URI also trains customers in specialized work, and offers an entire line of convenient supplies to its customers for their specific needs on the job. Commercial business is 75% of their revenue, while industrial is 15% and homeowners round out the last 10%. URI was a start-up business 10 years ago (founded in 1997) and has grown to a $3.6B+ per year business through acquisitions and internal growth. They compete in a highly fragmented business and have the #1 market share in North America with only 7% (This means lots of opportunity for growth).
- Current Stock Price $18.84
- Intrinsic Value $32 today (5 year estimate $65)

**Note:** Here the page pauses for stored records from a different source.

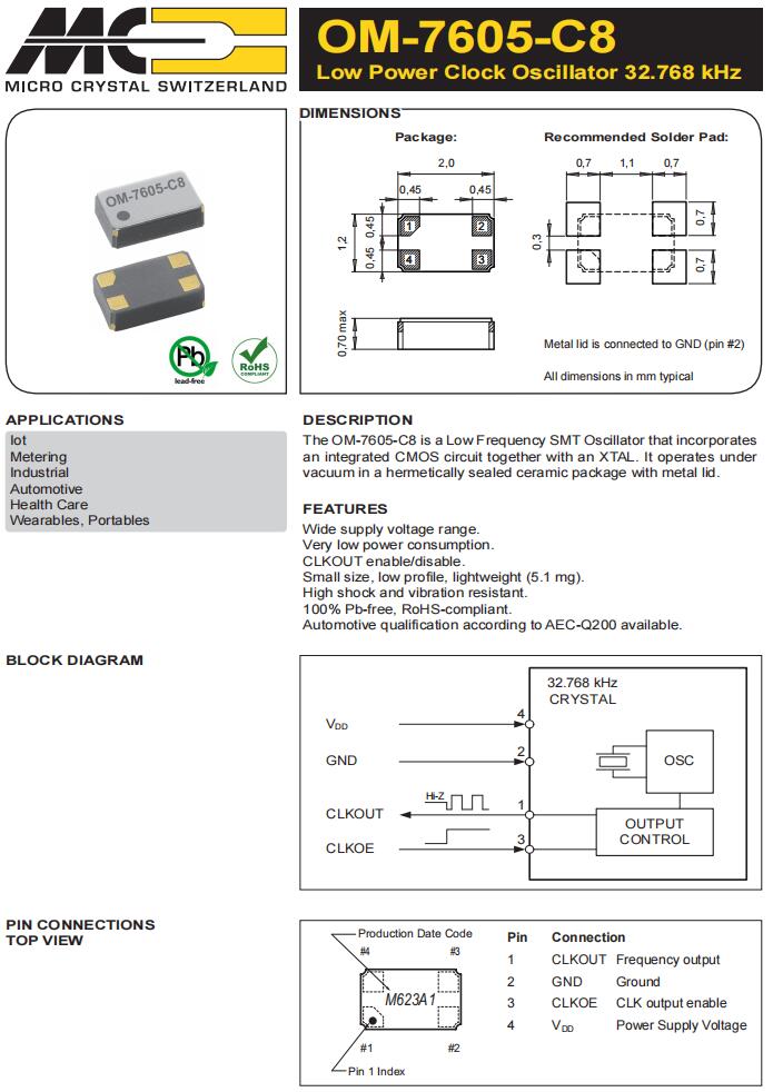 | OM-7604-C7-32.768kHz-20PPM-TB-QC | Micro Crystal | 標準時鐘振蕩器 32.768 kHz +/-20 PPM -40/+125C |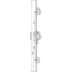 En acier galvanisé. Coffre central de 148 x 78 x 15,5 mm. Coffre haut et bas de 124 x 45 x 15 mm. Distance entraxe : 70 mm. Axe à 50 mm. Axe à 1045 mm du sol. Fouillot carré de 7 mm. Demi-tour réversible sans démontage du coffre. Utilisation de garnitures standard.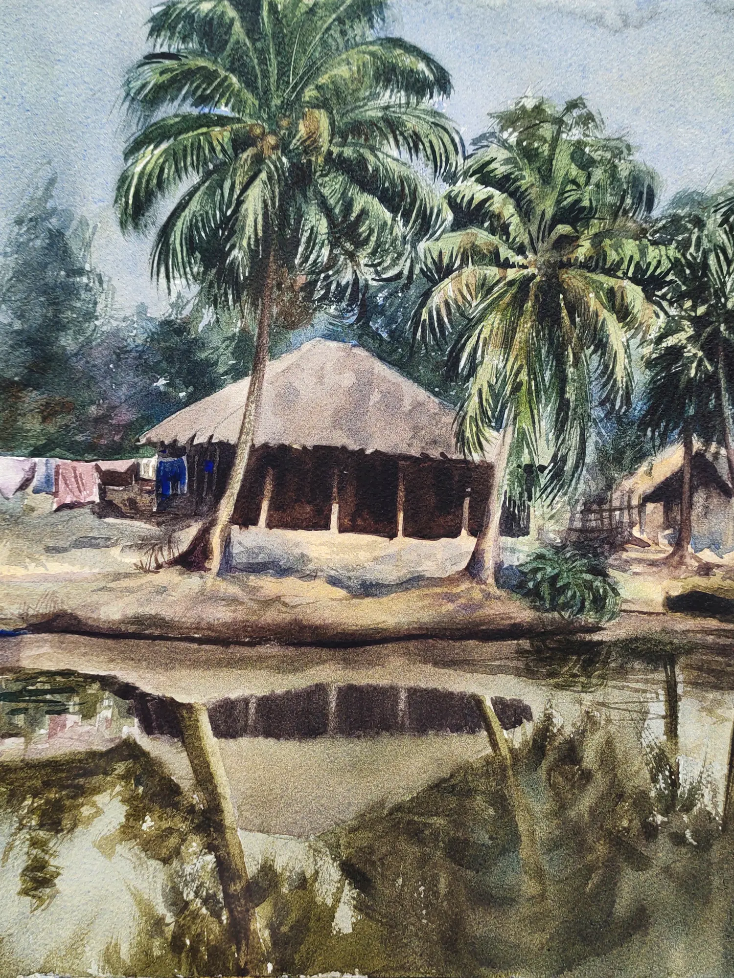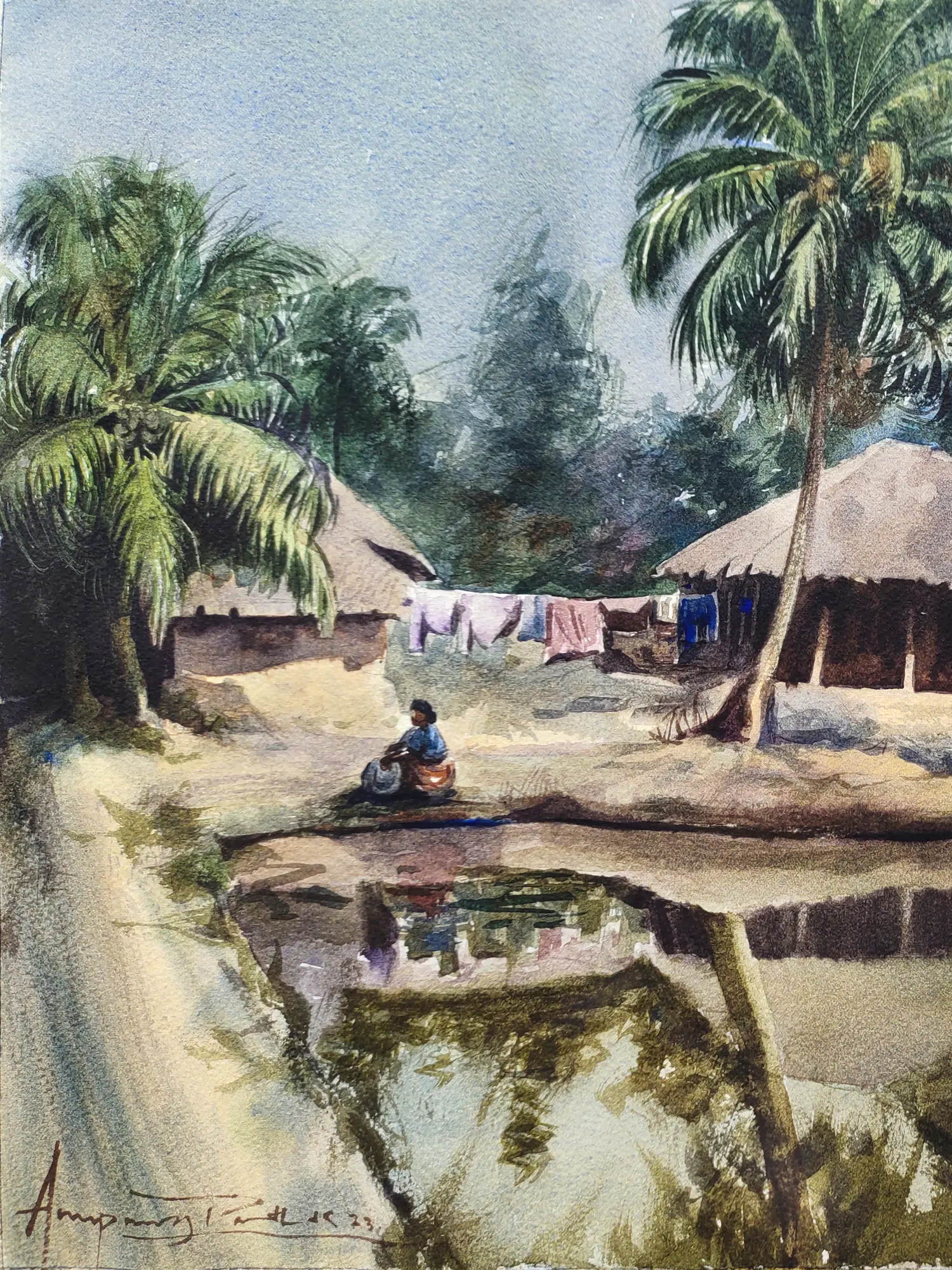 The watercolour painting of a village beauty captures the rustic charm and timeless allure of rural life. With gentle brushstrokes and soft hues, the artwork portrays the simplicity and grace of the village life amidst serene surroundings. Her radiant smile and tranquil gaze reflect the serenity and harmony of rustic existence, inviting viewers to embrace the beauty of simplicity and the tranquillity of nature. Through its evocative imagery and serene ambiance, the painting celebrates the timeless allure of village life and the enduring spirit of rural beauty.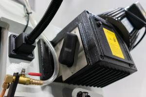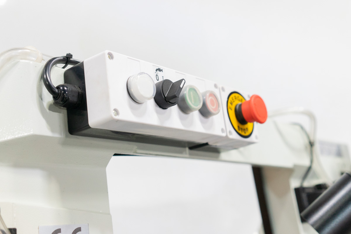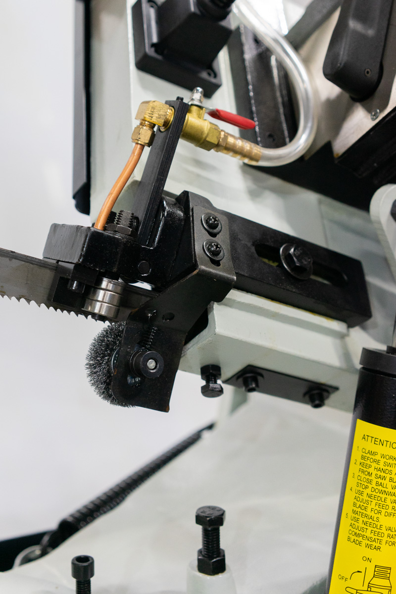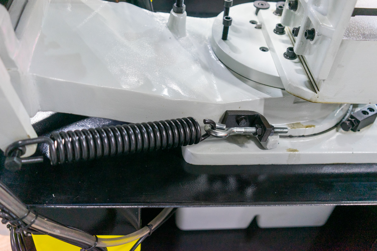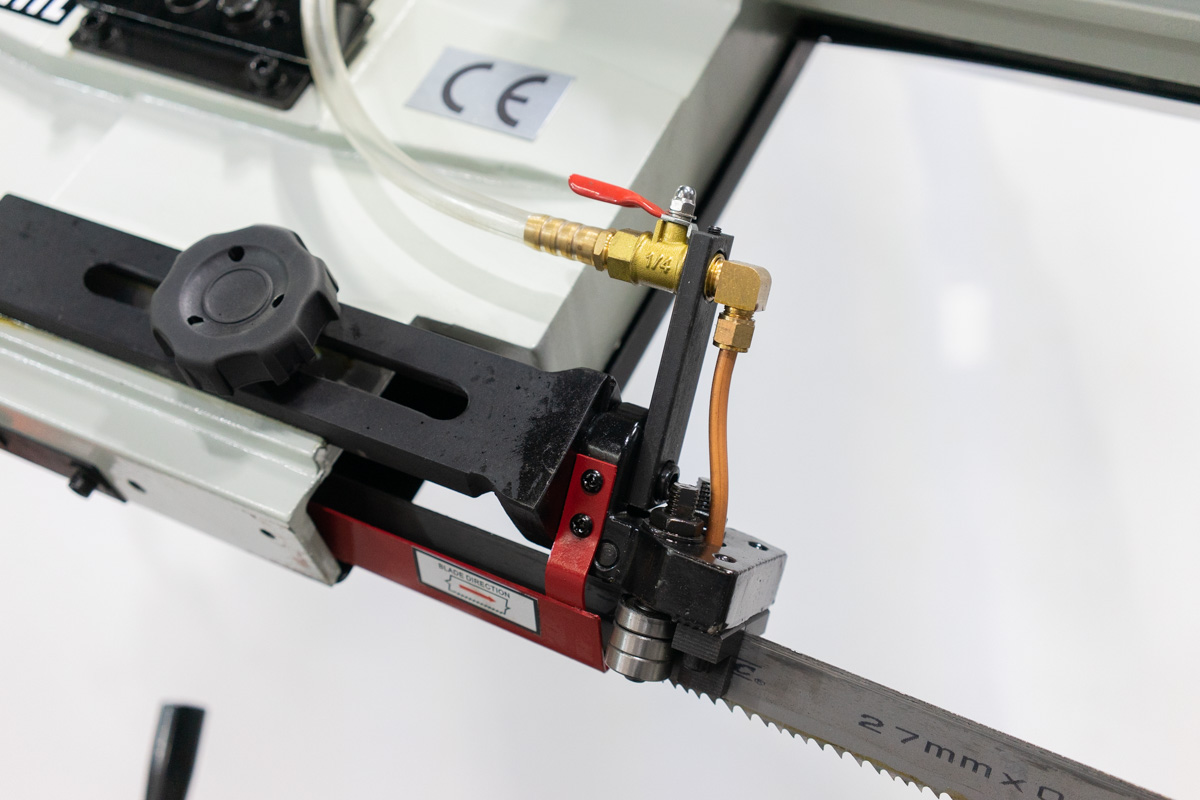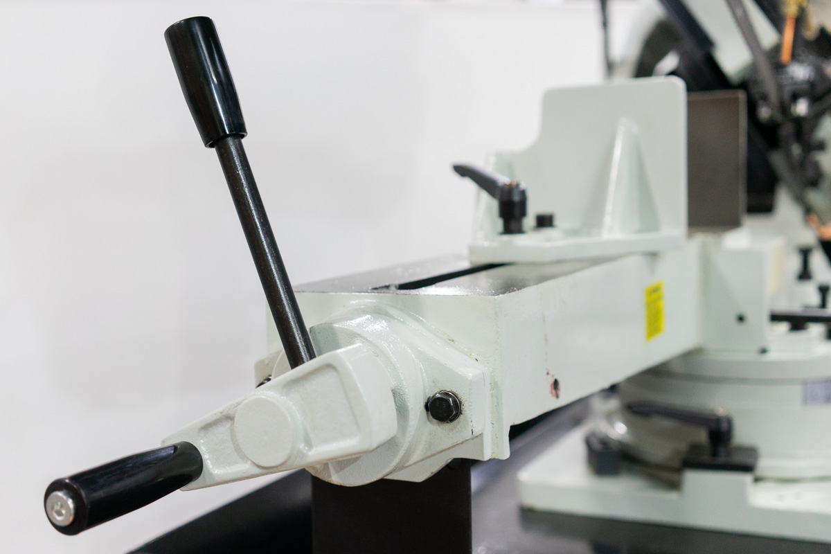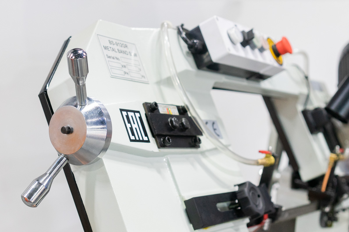 Станок Stalex BS-912GR имеет поворот рамы пилы, тиски при этом остаются в неподвижном состоянии, привод зубчатый. Зажим заготовки осуществляется тисками вручную, подача заготовки - также вручную. Мобильность станков позволяет использовать их на производстве непосредственно там, где это необходимо. Станки находят широкое применение в серийном и мелкосерийном производстве. Система СОЖ с двумя форсунками для подачи в стандартной комплектации.

- TTM FCF (Trailing Twelve Months Free Cash Flow) $228M
- Market Cap = $1.6B
- Private Equity offered $34.50/share in ’07 and pulled out after credit crisis in broad market prohibited the ability to raise capital
- World’s largest equipment rental company giving it scale and purchasing power to more cost effectively compete
- Increasing ROIC, currently at an impressive 15% vs. 12% three years ago
- Highly leveraged, but multiple year trend of paying down debt ratios
- Business in US/Canada/Mexico with 7% market share in North America (Competing in a highly fragmented industry with opportunity to consolidate)
For those of you new to the SWOT analysis this is a tool to help review a company’s internal Strengths and Weaknesses as well as the external Opportunities and Threats to gauge how competitive URI truly is versus the rest of the industry.

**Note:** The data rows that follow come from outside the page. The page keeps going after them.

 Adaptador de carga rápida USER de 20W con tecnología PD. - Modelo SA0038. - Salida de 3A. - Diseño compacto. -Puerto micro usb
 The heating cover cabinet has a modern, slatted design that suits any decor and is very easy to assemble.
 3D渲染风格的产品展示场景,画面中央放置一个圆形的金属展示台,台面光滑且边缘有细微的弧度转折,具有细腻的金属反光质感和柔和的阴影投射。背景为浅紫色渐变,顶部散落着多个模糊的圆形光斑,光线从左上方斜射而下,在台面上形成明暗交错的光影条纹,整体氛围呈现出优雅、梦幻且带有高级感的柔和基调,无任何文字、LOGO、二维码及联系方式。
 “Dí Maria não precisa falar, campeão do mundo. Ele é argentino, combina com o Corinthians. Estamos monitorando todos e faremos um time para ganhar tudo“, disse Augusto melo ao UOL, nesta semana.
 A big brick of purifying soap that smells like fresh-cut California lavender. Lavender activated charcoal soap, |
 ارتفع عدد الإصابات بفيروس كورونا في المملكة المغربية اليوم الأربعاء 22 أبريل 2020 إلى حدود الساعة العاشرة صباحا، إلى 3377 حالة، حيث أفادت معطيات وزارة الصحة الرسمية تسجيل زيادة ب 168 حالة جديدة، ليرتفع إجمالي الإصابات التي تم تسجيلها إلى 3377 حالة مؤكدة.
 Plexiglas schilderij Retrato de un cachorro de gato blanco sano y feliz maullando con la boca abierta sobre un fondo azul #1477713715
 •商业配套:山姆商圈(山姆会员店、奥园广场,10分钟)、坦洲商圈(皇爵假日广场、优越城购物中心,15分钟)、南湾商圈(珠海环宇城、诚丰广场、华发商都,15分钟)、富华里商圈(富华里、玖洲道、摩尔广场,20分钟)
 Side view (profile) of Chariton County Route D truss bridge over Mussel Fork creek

Strengths: While researching URI I have uncovered quite a few strengths that help give them an edge in a highly competitive market place. Since URI is the world’s largest equipment rental provider, they create a size advantage that gives it economies of scale that smaller mom and pop shops do not have. URI has $4.0B of rental equipment, which means they are buying in bulk (i.e. they get a volume discount). It has also leveraged the use of IT wisely and networked their 700+ branch locations so it can act like one large rental outlet. If a customer is at location A and needs to rent a piece of equipment in location B, then URI will move the equipment around to improve utilization and delight their customers. URI has been continuously improving their dollar equipment utilization (average rental revenue/average equipment fleet cost) over the past few years from 55% to 62% thru ’06. These utilization improvements have translated into record margin improvements (net income as % of revenue was 6.8% in ’06 versus negative 2.7% in ’04). Management has added new services like training certification for equipment to help tie their customers closer to URI in order to become less of a commodity and more of a specialized service provider. These services should help differentiate URI from their competition and allow for superior pricing and margins.

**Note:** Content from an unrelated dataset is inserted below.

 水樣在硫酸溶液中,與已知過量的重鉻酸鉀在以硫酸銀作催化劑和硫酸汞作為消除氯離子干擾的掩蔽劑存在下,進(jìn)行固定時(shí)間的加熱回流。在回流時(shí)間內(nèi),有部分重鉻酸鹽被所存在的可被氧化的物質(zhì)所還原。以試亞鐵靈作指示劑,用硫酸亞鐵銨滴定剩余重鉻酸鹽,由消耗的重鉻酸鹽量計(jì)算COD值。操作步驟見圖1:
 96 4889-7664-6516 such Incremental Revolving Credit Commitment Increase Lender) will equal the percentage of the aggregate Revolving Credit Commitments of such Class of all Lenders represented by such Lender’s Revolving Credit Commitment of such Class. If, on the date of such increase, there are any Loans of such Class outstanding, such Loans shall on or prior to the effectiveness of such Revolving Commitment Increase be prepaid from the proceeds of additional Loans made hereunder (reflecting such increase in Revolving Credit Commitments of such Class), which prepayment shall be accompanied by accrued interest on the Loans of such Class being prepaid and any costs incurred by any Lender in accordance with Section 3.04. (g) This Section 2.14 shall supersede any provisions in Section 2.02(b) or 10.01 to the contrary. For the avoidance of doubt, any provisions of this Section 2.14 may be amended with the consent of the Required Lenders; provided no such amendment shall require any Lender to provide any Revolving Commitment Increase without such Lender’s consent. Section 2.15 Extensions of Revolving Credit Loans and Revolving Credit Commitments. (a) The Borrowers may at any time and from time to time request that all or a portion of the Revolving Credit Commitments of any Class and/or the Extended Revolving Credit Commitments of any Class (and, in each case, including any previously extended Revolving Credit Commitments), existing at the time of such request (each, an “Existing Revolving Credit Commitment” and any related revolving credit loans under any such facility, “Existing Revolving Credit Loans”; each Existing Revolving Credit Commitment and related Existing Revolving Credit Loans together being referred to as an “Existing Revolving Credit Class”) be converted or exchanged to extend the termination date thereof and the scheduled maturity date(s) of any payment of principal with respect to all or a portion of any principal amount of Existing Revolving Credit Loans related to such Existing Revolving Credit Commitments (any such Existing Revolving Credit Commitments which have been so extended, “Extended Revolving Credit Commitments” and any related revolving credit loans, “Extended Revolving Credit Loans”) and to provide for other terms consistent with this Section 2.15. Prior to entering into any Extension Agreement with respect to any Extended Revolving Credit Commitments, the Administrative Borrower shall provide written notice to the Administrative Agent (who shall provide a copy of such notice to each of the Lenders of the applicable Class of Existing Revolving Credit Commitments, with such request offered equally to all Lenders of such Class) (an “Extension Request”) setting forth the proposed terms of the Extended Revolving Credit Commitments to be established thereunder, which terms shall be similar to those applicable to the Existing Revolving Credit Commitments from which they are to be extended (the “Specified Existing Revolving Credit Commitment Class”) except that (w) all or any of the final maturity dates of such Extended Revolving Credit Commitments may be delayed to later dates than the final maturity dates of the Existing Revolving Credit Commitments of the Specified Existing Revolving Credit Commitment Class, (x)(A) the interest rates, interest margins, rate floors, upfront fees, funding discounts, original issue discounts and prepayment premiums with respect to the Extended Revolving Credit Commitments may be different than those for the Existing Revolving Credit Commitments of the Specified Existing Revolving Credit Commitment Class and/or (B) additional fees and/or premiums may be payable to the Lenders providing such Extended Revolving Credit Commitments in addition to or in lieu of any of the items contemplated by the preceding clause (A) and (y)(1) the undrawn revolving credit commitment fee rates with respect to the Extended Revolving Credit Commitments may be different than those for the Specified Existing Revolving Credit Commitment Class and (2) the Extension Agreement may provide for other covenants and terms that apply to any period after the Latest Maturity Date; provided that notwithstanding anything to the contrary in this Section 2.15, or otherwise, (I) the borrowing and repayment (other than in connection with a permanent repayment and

Weakness: In my mind there is one large concern that warrants the most amount of scrutiny by investors, which is the large amount of leverage (i.e. debt) that URI uses. The good news is that URI has been paying down debt over the past few years as shown in graph 1 below. The debt to capitalization ratio is also lower, but still sits north of 50%, which creates more risk than the average company (especially moving into a slower economy). This massive amount of debt is what has allowed it to be successful and expand so rapidly over the course of ten years and I’m glad to see URI is reducing these ratios to lower their risk exposure a bit. As debt has dropped and EBITDA has risen URI has reduced their chances in breaking their covenants with the banks (i.e. URI has to abide by certain rules set by the lenders like net income versus interest rate expense and if broken could cause a liquidity issue if the banks call their loans).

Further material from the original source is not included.